ファナックが工作機械活況をモノにした理由 フル生産に沸く業界各社、リスクは部品不足
しかし、工作機械業界に死角がないわけではない。それは、部品の調達難に伴う納期の長期化だ。
工作機械で使う主要部品の1つに、製造工程での精密な「位置決め」に欠かせないリニアガイド(直動案内機器)がある。ベアリングを使う製品だ。主なメーカーは世界シェア5割を超えるTHKと日本トムソンで、製造する企業は限られる。
重要部品の調達難が大きなリスクに
そのうえ、この部品は生産が急増する半導体製造装置にも数多く使われているため、世界的な品薄状態が続いている。部品メーカー関係者によれば「納期が来年の夏という条件でもリニアガイドの注文が入る」という。工作機械メーカー各社は、部品の確保と納期対応に追われているのが現状だ。「何とか納品遅れを発生させていない」というが、部品の調達難は大きなリスクとして横たわる。
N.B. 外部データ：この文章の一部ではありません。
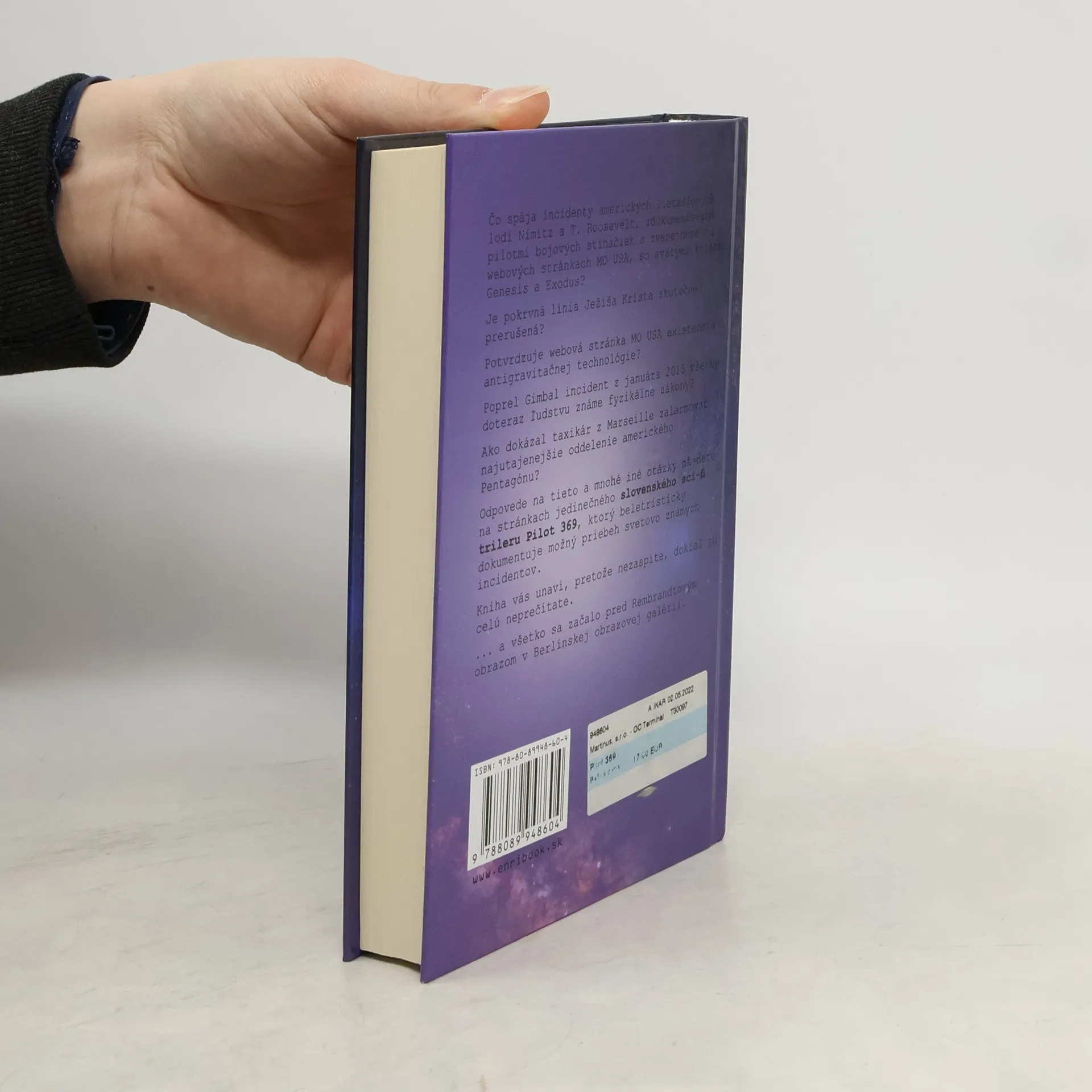 Čo spája incidenty amerických lietadlových lodí Nimitz a T. Roosevelt, zdokumentované pilotmi bojových stíhačiek a zverejnené na webových stránkach MO USA, so svätými knihami Genesis a Exodus? Je pokrvná línia Ježiša Krista skutočne prerušená? Potvrdzuje webová stránka MO USA existenciu antigravitačnej technológie? Poprel Gimbal incident z januára 2015 všetky doteraz ľudstvu známe fyzikálne zákony? Ako dokázal taxikár z Marseille zalarmovať najutajenejšie oddelenie amerického Pentagonu? Odpovede na tieto a mnohé iné otázky nájdete na stránkach jedinečného slovenského sci-fi trileru PILOT 369, ktorý beletristicky dokumentuje možný priebeh svetovo známych incidentov. Kniha Pilot 369 vás unaví, pretože nezaspíte, dokiaľ ju celú neprečítate.… a všetko sa začalo pred Rembrandtovým obrazom v Berlínskej obrazovej galérii.

とはいえ、今後の見通しは決して悪くない。中国向けや半導体製造装置向けも、当初は年内くらいまでで失速するのではないかとみられていたが、「毎年6月がピークで、冬に向かって需要が落ちて、春節後に息を吹き返すのがパターンだったが、今年はそのパターンが当てはまらない。日本のメーカーを含めて繁忙な状況」(稲葉会長)というように、勢いが止まる気配はないという。
「機械を作る機械」である工作機械の受注動向は、企業の設備投資の状況を見る、先行指標といわれる。業界の好調さは、本格的な好景気の波が訪れることを予言しているともいえるだろう。